#168
Cette échappée cauchemardesque
n'a pas été sans conséquence une fois ma conscience retrouvée...
Suis-je à présent toujours vivant ? Ou bien aurais-je jusque-là
vécu dans un rêve dont la mort vient de me réveiller ? Dans le doute, j'ai ressenti le
besoin de retourner dans la cour du cimetière, comme pour vérifier
que ce qui venait de se passer n'était là qu'un songe angoissant
dont on se réveille en sueur, aussi soulagé que désemparé,
espérant qu'il n'était en rien prémonitoire...
En poussant la porte grillagée,
je découvre dans la nuit qui tombe une gigantesque pile de livres
sur un bûcher devant lequel le jeune homme en kesa noir est assis,
un flambeau planté à côté de lui, lisant à la lueur du feu
chaque livre l'un après l'autre. Il n'est d'ailleurs plus vêtu de
son kesa habituel, mais d'une sorte de tenue de cérémonie.
Comme dans mon rêve, de nombreux
trous jonchent le sol et je comprends à la vue de ses vêtements
plein de terre qu'il vient lui-même de profaner les sépultures afin
d'y déterrer les livres des anciens condamnés à écrire à mort.
Et pour une raison que je ne saurai comprendre, il semble les lire
une dernière fois avant de les jeter au bûcher.
Il est resté des heures ainsi, à
lire ceux qu'il avait lui même enterrés. Je n'ai osé
l'interrompre, ni même m'approcher de lui. Je le regarde à son insu
comme par le trou d'une serrure mais j'ai le sentiment qu'il sait que
je suis là et que cet étrange autodafé m'est indirectement
destiné.
Une fois terminé, il se saisit du
flambeau et met le feu à ses lectures.
La fumée des livres qui brûlent n'est pas une fumée comme une autre, elle semble contenir le souffle des voix murmurant une dernière fois leur droit au silence, à l'oubli...
La fumée des livres qui brûlent n'est pas une fumée comme une autre, elle semble contenir le souffle des voix murmurant une dernière fois leur droit au silence, à l'oubli...

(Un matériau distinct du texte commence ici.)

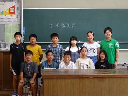 大放課に卒業アルバムの写真撮影をしました。生活委員会は理科室で写真をとりました。

Il est resté debout, fixant le
feu d'un regard illisible, comme s'il était à la fois soulagé et
terrifié d'avoir résolu aussi simplement l'énigme de toute une
vie.
Les flammes dans le vent éclairent
son visage comme jamais auparavant. Leurs mouvements contradictoires
lui donnent un âge indéterminé. Je crois d'abord voir en lui un
enfant, comme si l'enfance s'était arrêtée sur son visage et que
les drames du temps n'étaient passés que dans ses yeux... Et puis à
peine quelques secondes après, le reflet du feu est tout autre, et
c'est le visage dévasté d'un vieillard que j'aperçois, un
vieillard ayant des faux airs d'innocence, de nouveau né...
Soudain, (je n'en suis pas
certain), je crois l'avoir entendu dire à voix haute comme
poursuivant le silence de sa pensée :
... le feu ne décide de rien...
la décision nous revient...
À ces mots, il a esquissé le
semblant d'un sourire aussitôt disparu dans l'air de quelques larmes
jamais venues. Puis son regard s'est durci, on aurait dit celui d'une
pierre. Et ce regard ne l'a plus quitté...
C'est avec ce regard là qu'il fit
un premier pas, puis un autre... et encore un autre... comme si rien,
pas même la peur, ne pouvait détourner ses yeux de cette
décision...
...et sans même se retourner, il disparût ainsi... au cœur des flammes.